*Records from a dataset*

***

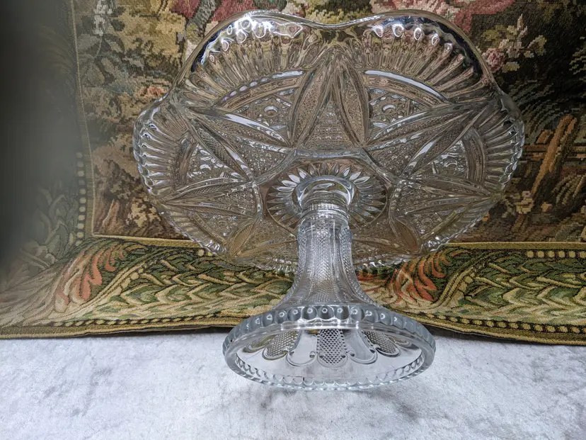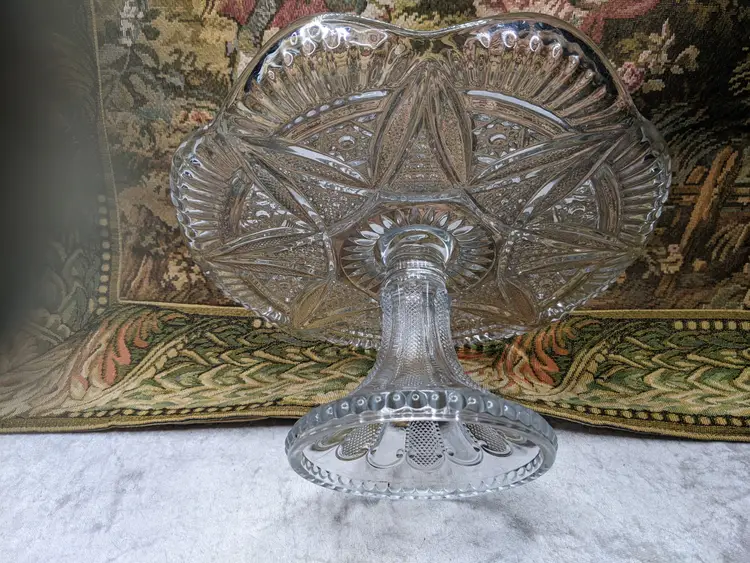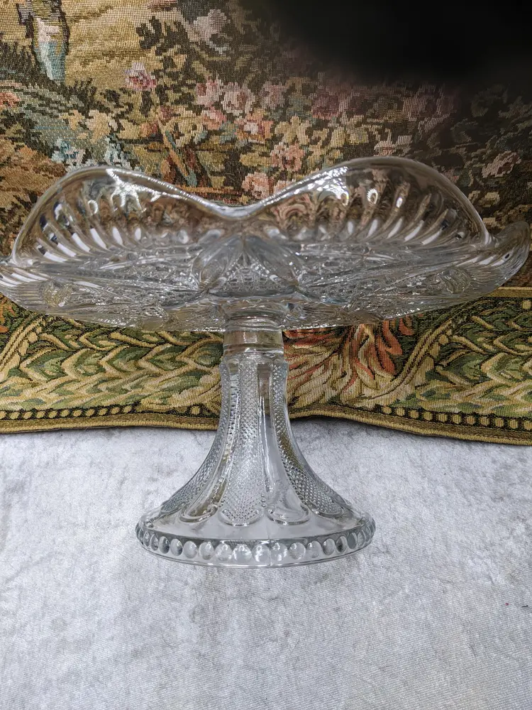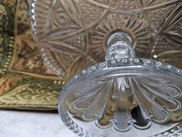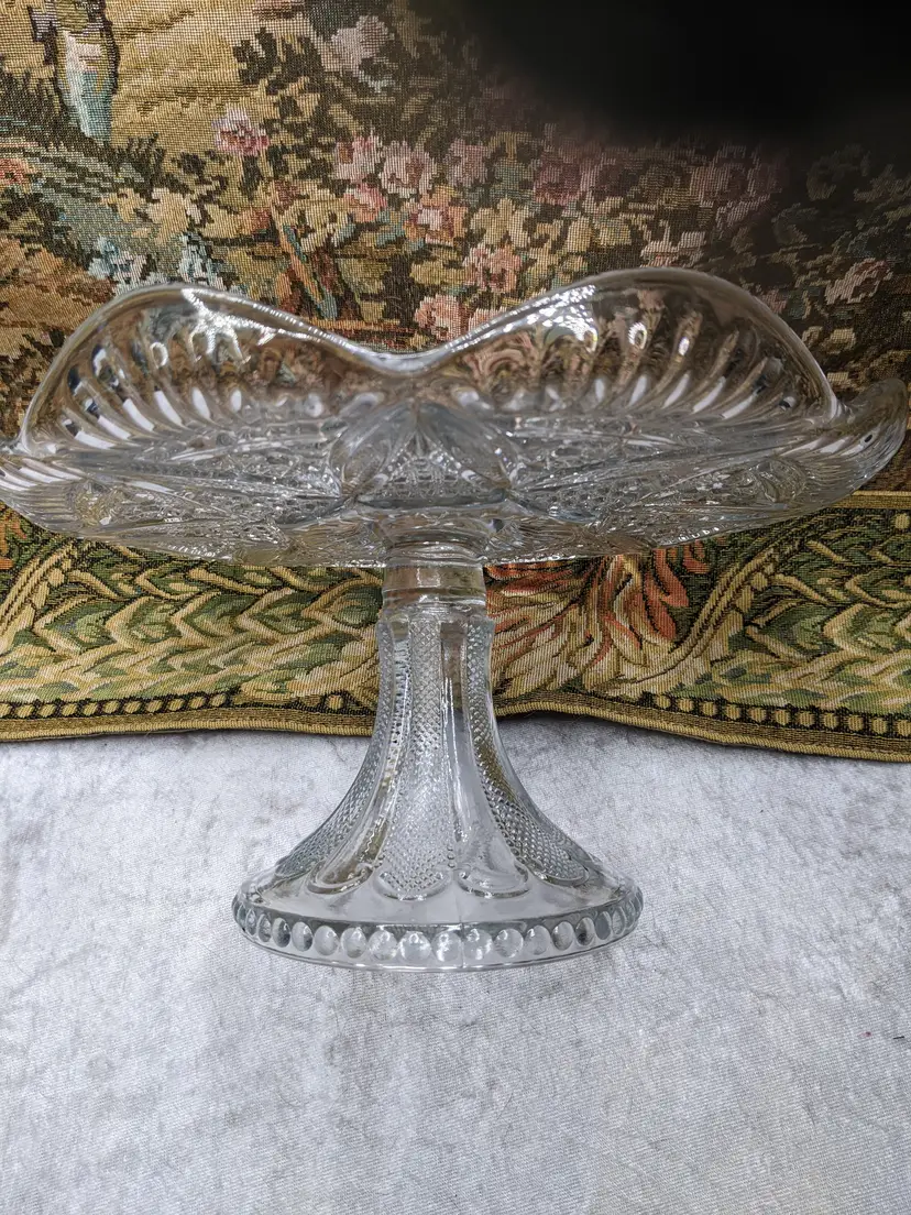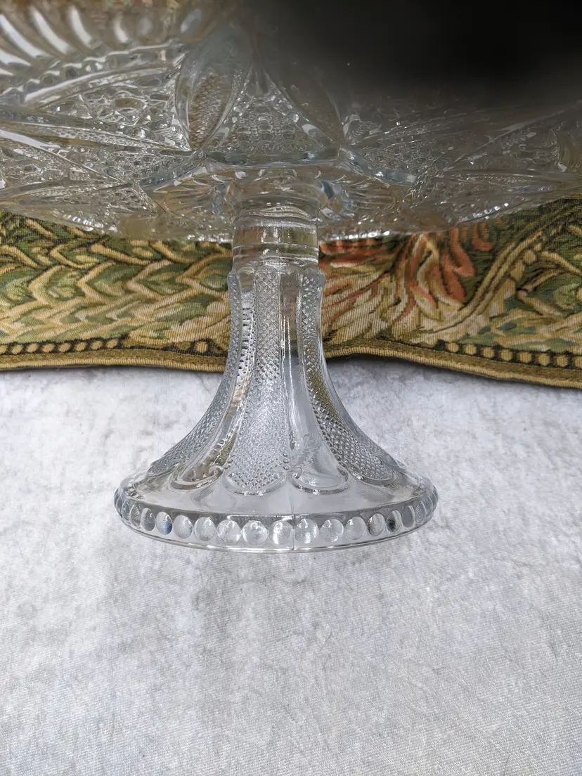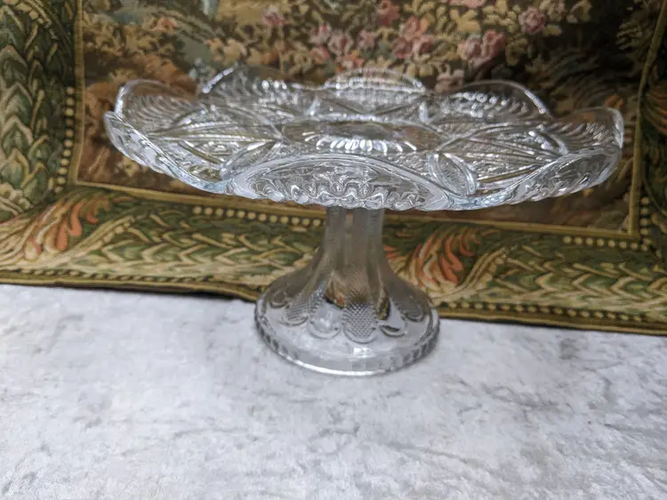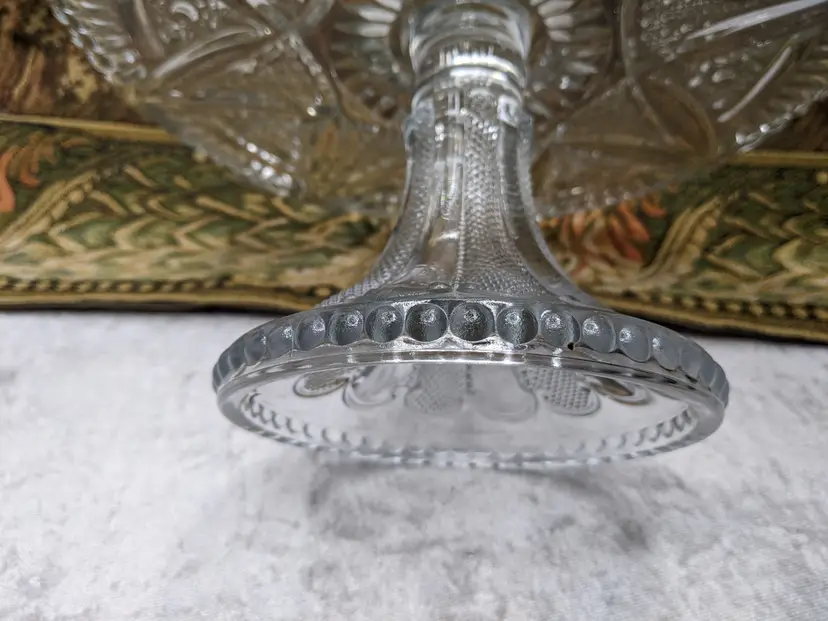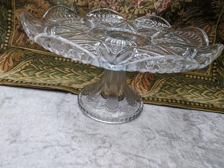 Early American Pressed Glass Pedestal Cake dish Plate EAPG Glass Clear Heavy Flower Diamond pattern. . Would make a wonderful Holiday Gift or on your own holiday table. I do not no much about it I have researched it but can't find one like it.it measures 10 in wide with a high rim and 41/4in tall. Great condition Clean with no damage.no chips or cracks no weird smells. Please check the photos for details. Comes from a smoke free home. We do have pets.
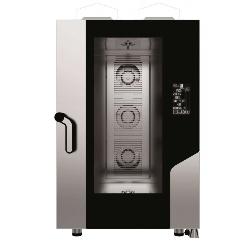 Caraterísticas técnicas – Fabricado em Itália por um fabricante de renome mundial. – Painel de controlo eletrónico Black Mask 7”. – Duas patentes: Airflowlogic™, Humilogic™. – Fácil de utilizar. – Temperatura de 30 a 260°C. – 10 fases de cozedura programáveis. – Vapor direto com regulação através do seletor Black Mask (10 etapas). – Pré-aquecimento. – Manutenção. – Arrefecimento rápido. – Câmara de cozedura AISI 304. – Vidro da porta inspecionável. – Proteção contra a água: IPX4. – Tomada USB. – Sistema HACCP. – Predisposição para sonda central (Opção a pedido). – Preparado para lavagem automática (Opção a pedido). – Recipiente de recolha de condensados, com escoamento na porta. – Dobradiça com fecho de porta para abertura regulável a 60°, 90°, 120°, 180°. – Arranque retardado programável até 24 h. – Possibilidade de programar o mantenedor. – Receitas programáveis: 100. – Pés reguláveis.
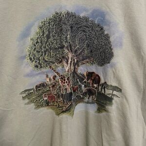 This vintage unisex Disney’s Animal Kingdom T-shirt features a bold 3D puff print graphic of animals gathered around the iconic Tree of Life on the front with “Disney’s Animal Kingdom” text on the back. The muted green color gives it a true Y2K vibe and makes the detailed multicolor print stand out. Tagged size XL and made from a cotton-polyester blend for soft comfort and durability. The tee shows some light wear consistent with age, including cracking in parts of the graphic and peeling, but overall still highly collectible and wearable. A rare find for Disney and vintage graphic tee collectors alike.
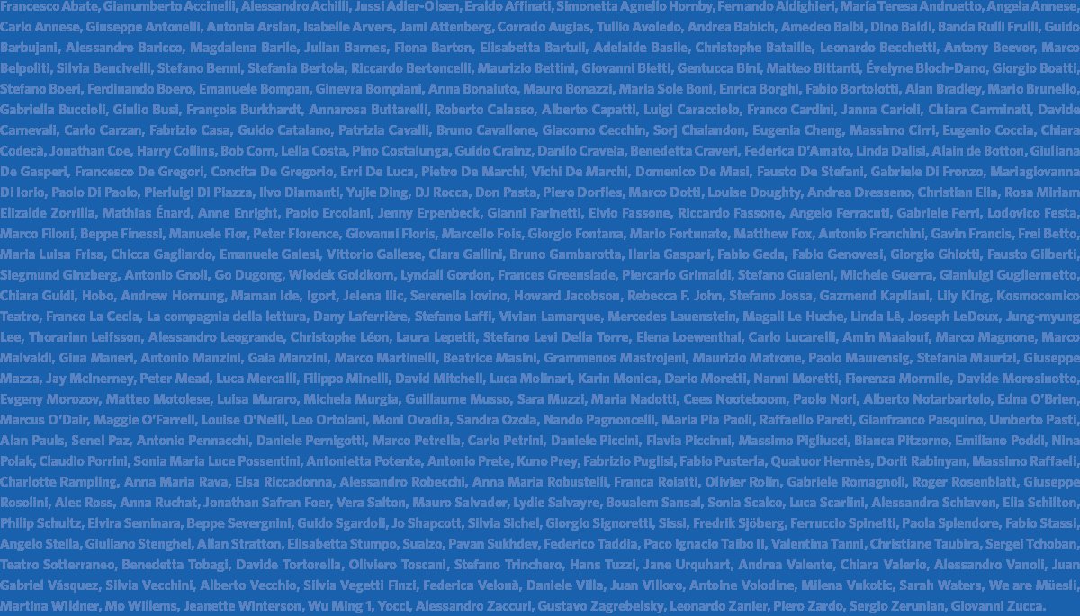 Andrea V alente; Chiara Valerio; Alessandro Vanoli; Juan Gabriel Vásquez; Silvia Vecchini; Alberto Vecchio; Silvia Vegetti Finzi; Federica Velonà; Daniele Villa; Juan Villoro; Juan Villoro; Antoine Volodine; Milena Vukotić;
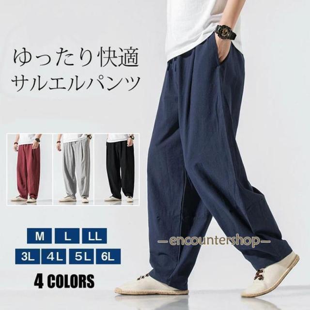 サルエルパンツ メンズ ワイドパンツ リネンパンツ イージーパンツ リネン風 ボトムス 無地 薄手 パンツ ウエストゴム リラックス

***

*Assigned task*
Your job is to copy each entry exactly as written; the pictures do not go in.

*Task output*
 Early American Pressed Glass Pedestal Cake dish Plate EAPG Glass Clear Heavy Flower Diamond pattern. . Would make a wonderful Holiday Gift or on your own holiday table. I do not no much about it I have researched it but can't find one like it.it measures 10 in wide with a high rim and 41/4in tall. Great condition Clean with no damage.no chips or cracks no weird smells. Please check the photos for details. Comes from a smoke free home. We do have pets.
 Caraterísticas técnicas – Fabricado em Itália por um fabricante de renome mundial. – Painel de controlo eletrónico Black Mask 7”. – Duas patentes: Airflowlogic™, Humilogic™. – Fácil de utilizar. – Temperatura de 30 a 260°C. – 10 fases de cozedura programáveis. – Vapor direto com regulação através do seletor Black Mask (10 etapas). – Pré-aquecimento. – Manutenção. – Arrefecimento rápido. – Câmara de cozedura AISI 304. – Vidro da porta inspecionável. – Proteção contra a água: IPX4. – Tomada USB. – Sistema HACCP. – Predisposição para sonda central (Opção a pedido). – Preparado para lavagem automática (Opção a pedido). – Recipiente de recolha de condensados, com escoamento na porta. – Dobradiça com fecho de porta para abertura regulável a 60°, 90°, 120°, 180°. – Arranque retardado programável até 24 h. – Possibilidade de programar o mantenedor. – Receitas programáveis: 100. – Pés reguláveis.
 This vintage unisex Disney’s Animal Kingdom T-shirt features a bold 3D puff print graphic of animals gathered around the iconic Tree of Life on the front with “Disney’s Animal Kingdom” text on the back. The muted green color gives it a true Y2K vibe and makes the detailed multicolor print stand out. Tagged size XL and made from a cotton-polyester blend for soft comfort and durability. The tee shows some light wear consistent with age, including cracking in parts of the graphic and peeling, but overall still highly collectible and wearable. A rare find for Disney and vintage graphic tee collectors alike.
 Andrea V alente; Chiara Valerio; Alessandro Vanoli; Juan Gabriel Vásquez; Silvia Vecchini; Alberto Vecchio; Silvia Vegetti Finzi; Federica Velonà; Daniele Villa; Juan Villoro; Juan Villoro; Antoine Volodine; Milena Vukotić;
 サルエルパンツ メンズ ワイドパンツ リネンパンツ イージーパンツ リネン風 ボトムス 無地 薄手 パンツ ウエストゴム リラックス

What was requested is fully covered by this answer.